With support from members of the Alumni Board of Directors, Messitte launched the Career Discovery Tour in 2013, a program committed to further expanding student-alumni career networking opportunities. Through this unique program, current students travel to vibrant cities during fall and spring breaks to network and gain first-hand knowledge of a variety of careers directly from Ripon alumni. The Council for Advancement and Support of Education (CASE) recognized this program with a Pride of Case Award for outstanding achievement in concept and execution.

While at Ripon, Messitte’s opinion editorials have been published in the nation’s top 20 newspapers and have covered topics pertaining to the cost of higher education, NCAA Division III student-athletes, Spiro Agnew, the CIA and promoting civil discourse. He currently serves as the chair of the Board of Directors of the Associated Colleges of the Midwest (ACM) and is the past chair of the Midwest Athletic Conference.

When he is not busy doing presidential things or in the classroom, Messitte can usually be found talking with students on campus, hosting student dinners at his home, or walking on the Ceresco prairie.

Prior to joining Ripon, he served as the dean of the College of International Studies at the University of Oklahoma where he also held the William J. Crowe Chair in Geopolitics. While at Oklahoma he hosted “World Views,” an award-winning program on National Public Radio from 2009-2012. From 2002 to 2007, he served as the Director of the Center for the Study of Democracy and a member of the political science faculty at St. Mary’s College of Maryland, the state’s honors liberal arts college.
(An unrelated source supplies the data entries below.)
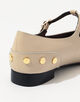 ポイントであしらわれたかかとのスタッズとTストラップがどんなテイストのスタイルにも馴染み、スカートからのぞくと良いアクセントに。どんな日でもスタイリングに輝きを与えてくれ、タイムレスに履き続けられる一足です。
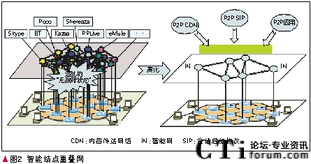 智能節(jié)點重疊網(wǎng)是覆蓋在IP核心網(wǎng)上的傳統(tǒng)的彈性重疊網(wǎng)(RON)技術與分布式哈希表(DHT)技術相結(jié)合的新型重疊網(wǎng)技術,包括自動組網(wǎng)、網(wǎng)絡資源管理、路由優(yōu)化等關鍵技術。其基本結(jié)構(gòu)是保持TCP/IP協(xié)議不變,原來的3層變成3-層,在其上建立一個智能結(jié)點重疊網(wǎng)做為3+層,在此分布式管理平臺上提供流量監(jiān)控、流量控制、QoS、病毒防止和安全性等服務。智能結(jié)點重疊網(wǎng)的另外一個任務是為各種P2P應用提供支撐環(huán)境。它可以為在互聯(lián)網(wǎng)上采用不同協(xié)議和軟件的各種P2P業(yè)務,提供統(tǒng)一的支撐環(huán)境。主要是提供P2P CDN和P2P SIP。智能結(jié)點重疊網(wǎng)如圖2所示。
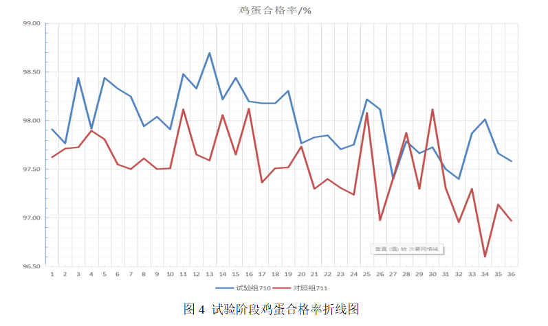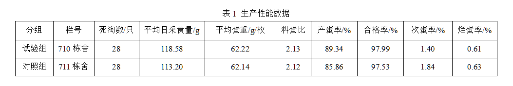 由表1可看出,,,,与对照组相比,,试验组的蛋鸡平均日采食量、、、平均蛋重、、、、产蛋率和鸡蛋合格率分别提高了4.75%、、0.13%、、、、4.05%和0.47%;次蛋率和烂蛋率分别降低了23.91%和3.17%。。说明在日粮中添加凯时尊龙宁(蛋禽用型)400g/T可明显改善罗曼灰蛋鸡夏季高温应激现象,,,提高其生产性能。。。。
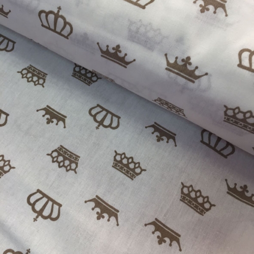 001б/7 Бязь набивная, 125 г/м, 100%хл, ш. 150см (Короны кофе на белом 18)
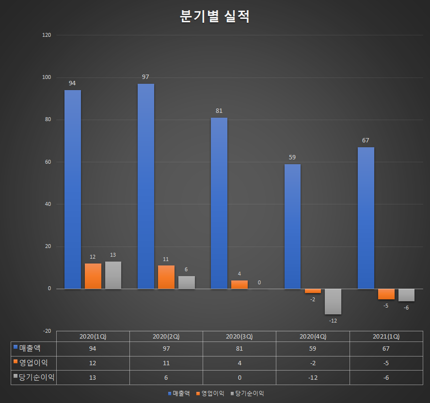 - 당기순이익 : -6억원 (전년동기 13억원)
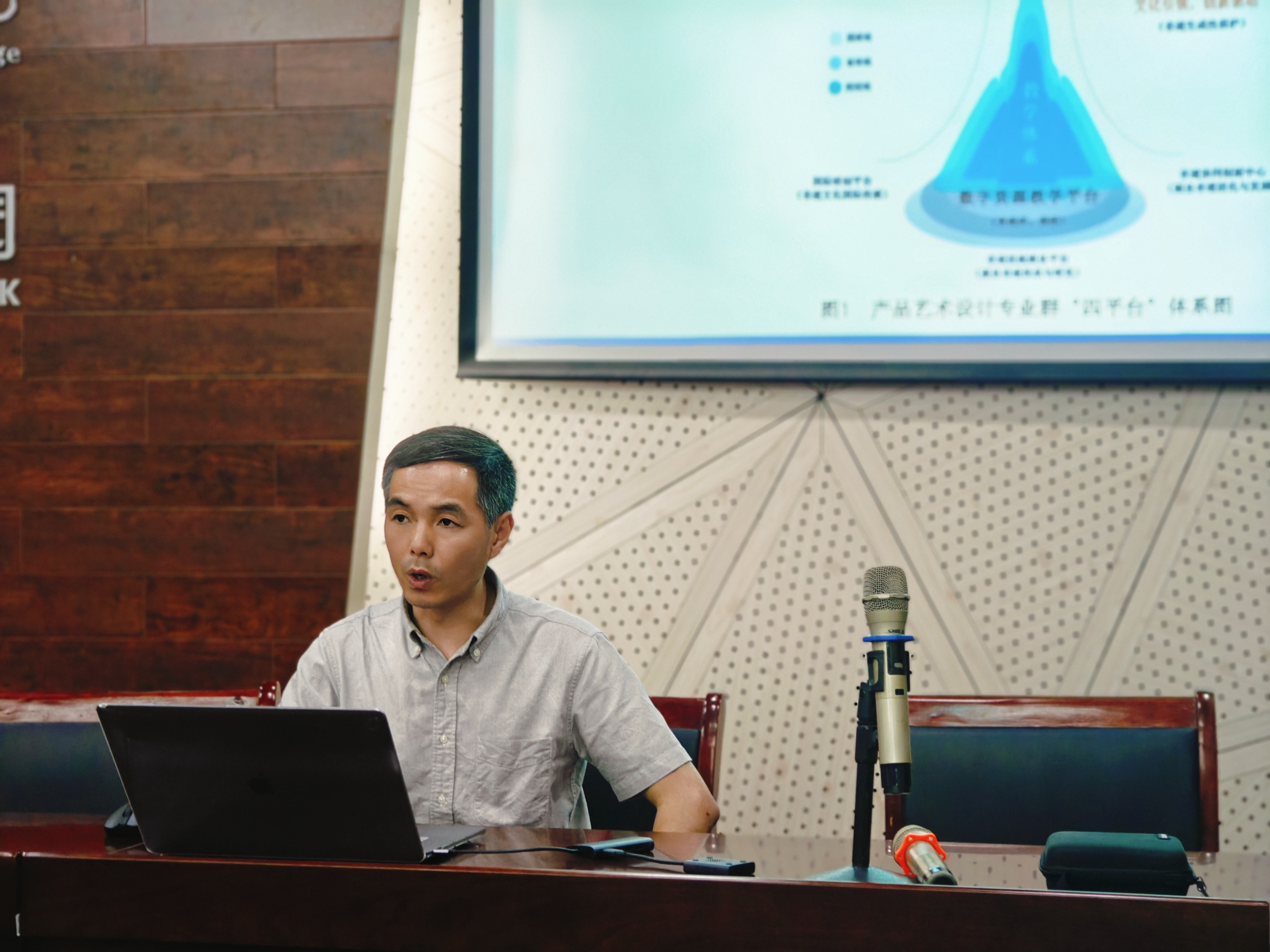 王华杰教授围绕产品设计专业群“一中心四平台”的建群逻辑,深入浅出地阐述了如何通过课程体系优化、学生实践能力提升、教师队伍建设和专业发展等多个层面,推动教学质量的螺旋式上升。他强调,基于8字螺旋(即“目标-执行-评估-改进”的循环)的教学诊断与改进机制,是实现教育高质量发展的关键。
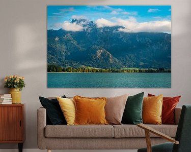 Blick über den Forggensee zu Hornburg und Branderschrofen an einem Tag im Herbst
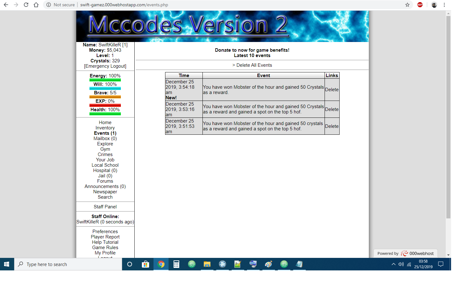 If you win the Mobster of the hour you will be inserted into the hall of fame if you win it again and beat your old score your record will be updated in the database.
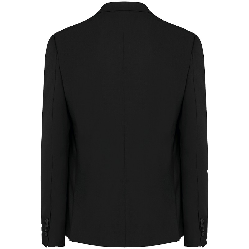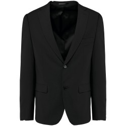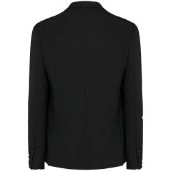 50% polyester / 23% viscose / 22% laine / 5% élasthanne. Doublure en twill (100% polyester) ton sur ton ton. Coupe ajustée. Veste à deux boutons ton sur ton. Deux poches passepoilées avec rabats, ainsi qu'une poche poitrine passepoilée côté cœur. Fausse boutonnière ton sur ton sur revers de col. Empiècement côté qui vient donner la forme au produit. Bride de suspension en satin à l'encolure. Couture milieu dos avec deux fentes bas de vêtement. Bas de manches avec fausse fente à 4 boutons ton sur ton. Finition avec un biais contrasté, pour les deux poches poitrines intérieures. Une poche téléphone et une poche ticket passepoilées ton sur ton intérieur gauche du vêtement au porté. Zip de personnalisation côté gauche au porté. Pas d'étiquette de marque, uniquement une puce de taille pour faciliter la personnalisation.

Messitte continues to be a regular in the classroom as a member of the politics and government faculty at Ripon, and each spring leads students to Rome for a three-week intensive overview of Italian history, politics, culture and language as part of the Liberal Arts In Focus program. In 2018, he taught a special Italian language class for beginners and in spring 2021 he served as a mentor for the Catalyst 300 Applied Innovation course.

He is the author of numerous articles that reflect his interests in politics, international relations, higher education, sports and Italy. His work has appeared in both peer reviewed journals and the national press, including the New York Times, Washington Post and Los Angeles Times. The author and editor of several books he co-authored the book, Republican Populist: Spiro Agnew and the Origins of Donald Trump’s America, published by the University of Virginia Press in 2019. The Wall Street Journal praised the book for “Skillfully drawing on Agnew’s archival papers, the authors show that his serrated rhetorical style dated to his earliest political forays.” Click here to view Messitte’s faculty profile, including a list of teaching, research and other publications.

Messitte was born in Sao Paulo, Brazil while his parents were working in the Peace Corps, and grew up in Chevy Chase, Maryland. A graduate of Bethesda Chevy Chase High School, he received a bachelor’s degree in American history and Italian language from Bowdoin College, a master’s degree in international relations from Johns Hopkins University, and a doctorate in politics from New York University.

Prior to entering academia, he worked for the U.S. Senate Select Committee on Intelligence, the United Nations and the Cable News Network (CNN). He and his wife, Julia, have two sons: Sam and Jules.